The division, under Jackson’s leadership, also is under ongoing review by the City Council for the bungled response to December’s snow storms.
The Seattle Times filed a public-records request for the workplace report and related documents on March 27. The city said the report was 8,000 pages and it is still processing that request.
On Thursday, Mayor Greg Nickels’ office released a 12-page “draft” summary of the report’s findings, dated June 4, 2008, a week before Jackson was promoted. Among the “management issues” listed in the report: “Paul Jackson viewed as unsafe, dictatorial, vindictive, unwilling to listen even … by credible, well-respected witnesses.”
Jackson acknowledged his difficulties in communicating with subordinates in a performance review conducted about two weeks after his promotion, according to personnel records obtained by The Times.
Jackson was promoted because he was a “strong and tough manager,” Crunican said at a press conference called by the mayor.
She said Jackson helped “clean things up” in the department, but did not offer specifics.
“One person’s strong manager is another person’s abrasive,” she explained, adding, “Paul requested the transfer. I would not have reassigned him.”
Deputy Mayor Tim Ceis also weighed in, saying, “No one’s losing their job over this.”
Crunican said she asked for the workplace investigation in June 2007 after hearing “rumblings” that the street-maintenance division was mired in discrimination complaints. Investigators interviewed 114 people and found widespread feelings of discrimination and poor systems for documenting and tracking complaints and discipline.
Nearly a year later, the city’s Office for Civil Rights sent Crunican a memo telling her that 15 transportation employees — at least eight of them from street maintenance — had filed 18 discrimination complaints over the previous year. The city was unable to say Thursday how much it paid out on those complaints, some of which were settled or upheld.

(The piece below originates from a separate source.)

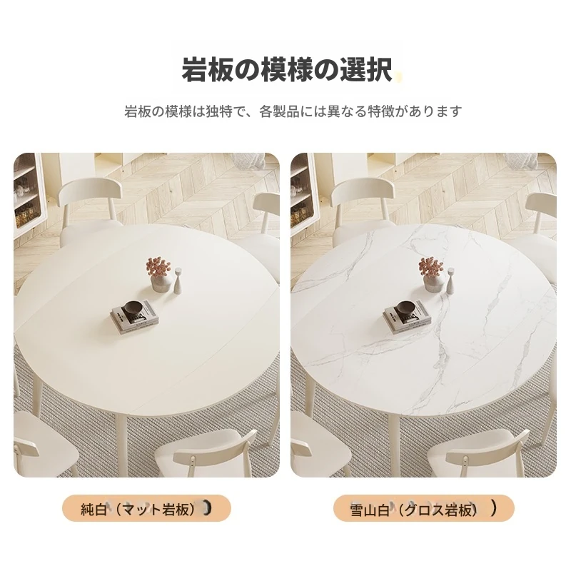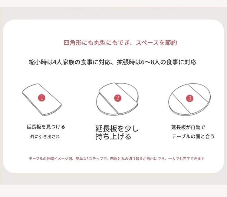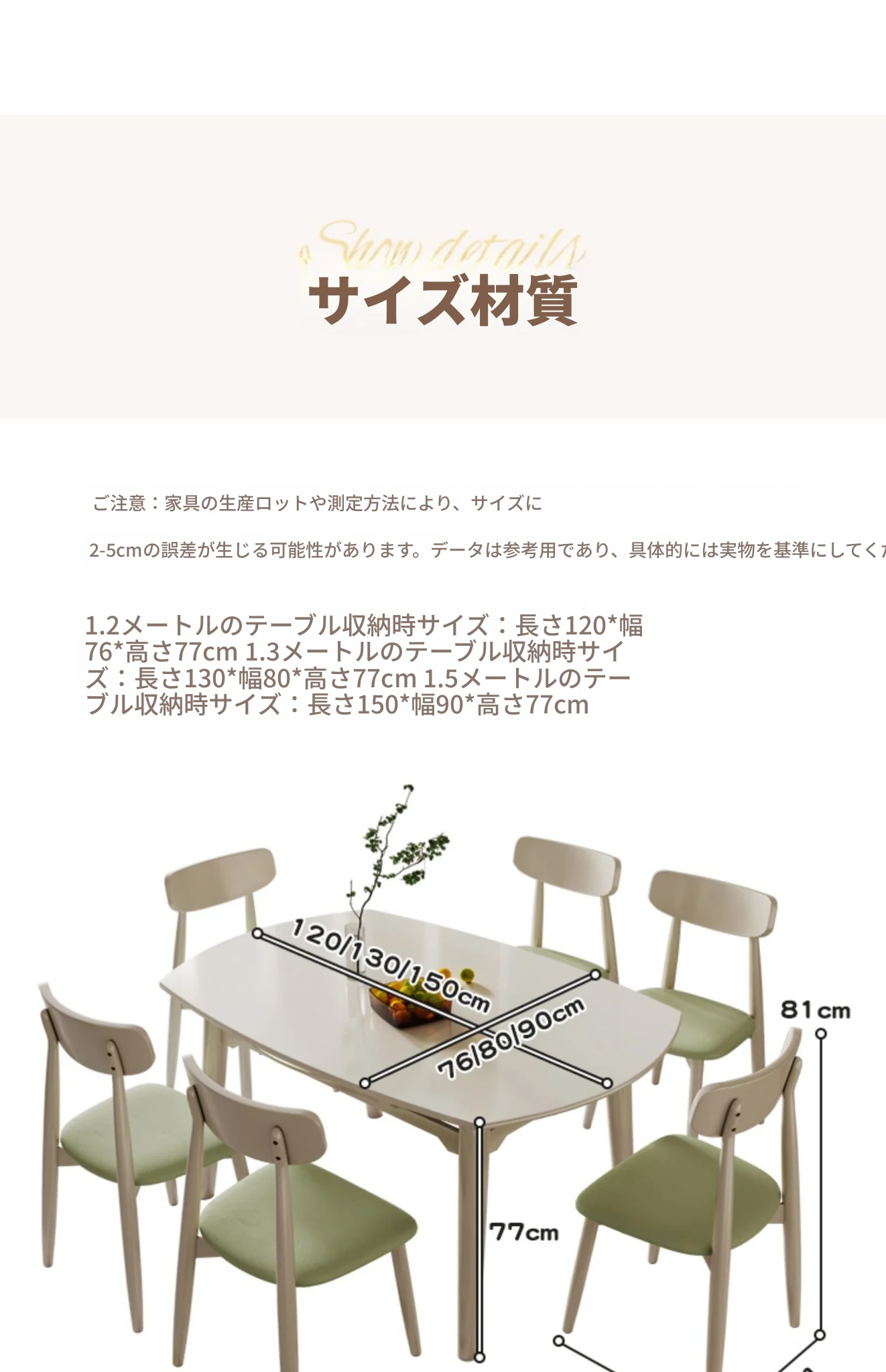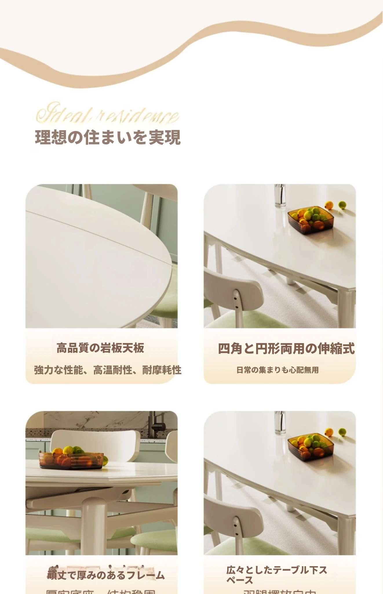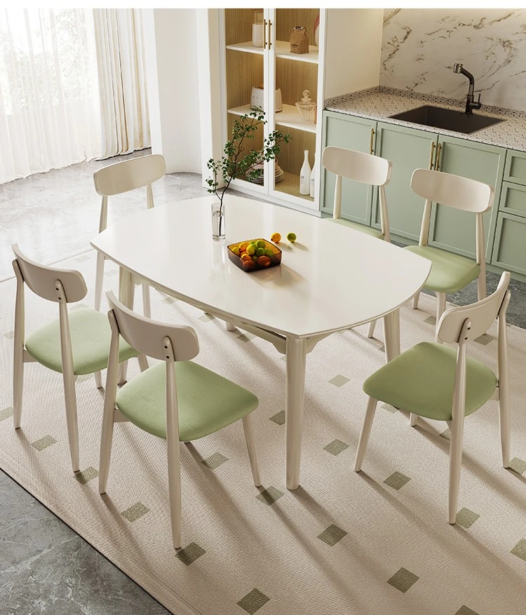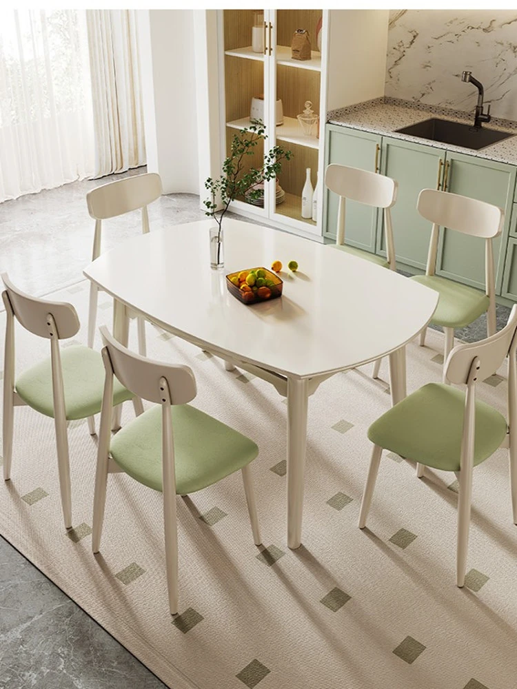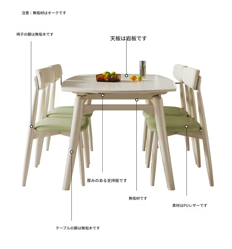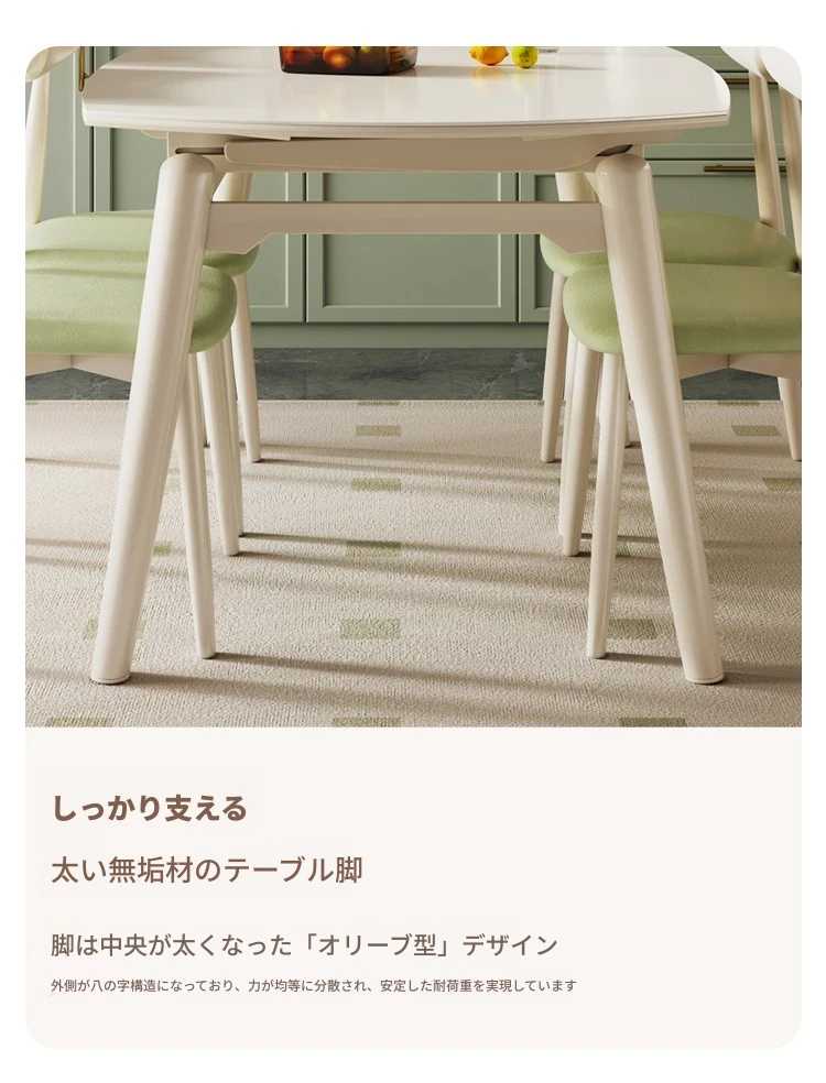 フランス風クリーム仕上げの伸縮可能な無垢材ロックテーブル|小型住宅に最適|四角と丸の両方の形状に対応|ダイニングチェアセット|スタイリッシュで機能的な食卓を実現!
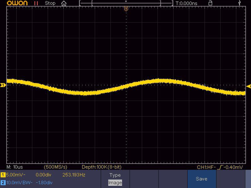 Itt vannak az Owon XDS zajok. A szinuszjel mindnél 4mV csúcstól-csúcsig. 50Hz, és 10KHz jelek. Szkóp bemenet 1mV/div, és 5mV/div, mert 1mV-nál bekapcsol a BW, 5mV-nál már nem, anélkül látható a zavarjel. Persze azt nem tudom a kimenő jelben mennyi a zavar, ez egy Siglent dds generátor.

In the memo, the civil-rights office said the department failed to respond quickly or adequately to the claims, and there were “serious challenges between staff and management in the street-maintenance division.”
At the time, Jackson was managing the maintenance division’s street-surface repair. Before that, he managed the signs and markings section and worked as a laborer and truck driver.
When Crunican commissioned the investigative report, the city estimated it would cost $75,000 for “investigative services and legal advice in anticipation of possible litigation against the Department of Transportation,” according to a letter confirming the contract.
A year later, the city had shelled out $515,000 to the MFR Law Group, a Mill Creek firm headed by Marcella Fleming Reed that has conducted 14 such investigations for the city since 2005.
Despite the report’s findings, no one was disciplined. Crunican said most of the people who created the “unacceptable” culture are no longer with the department.
In a brief appearance at Thursday’s news conference, Mayor Greg Nickels said, “The work environment in the street-maintenance division is divisive and unhealthy and it must be fixed.” He noted there had been problems in the street-maintenance division “for some time.”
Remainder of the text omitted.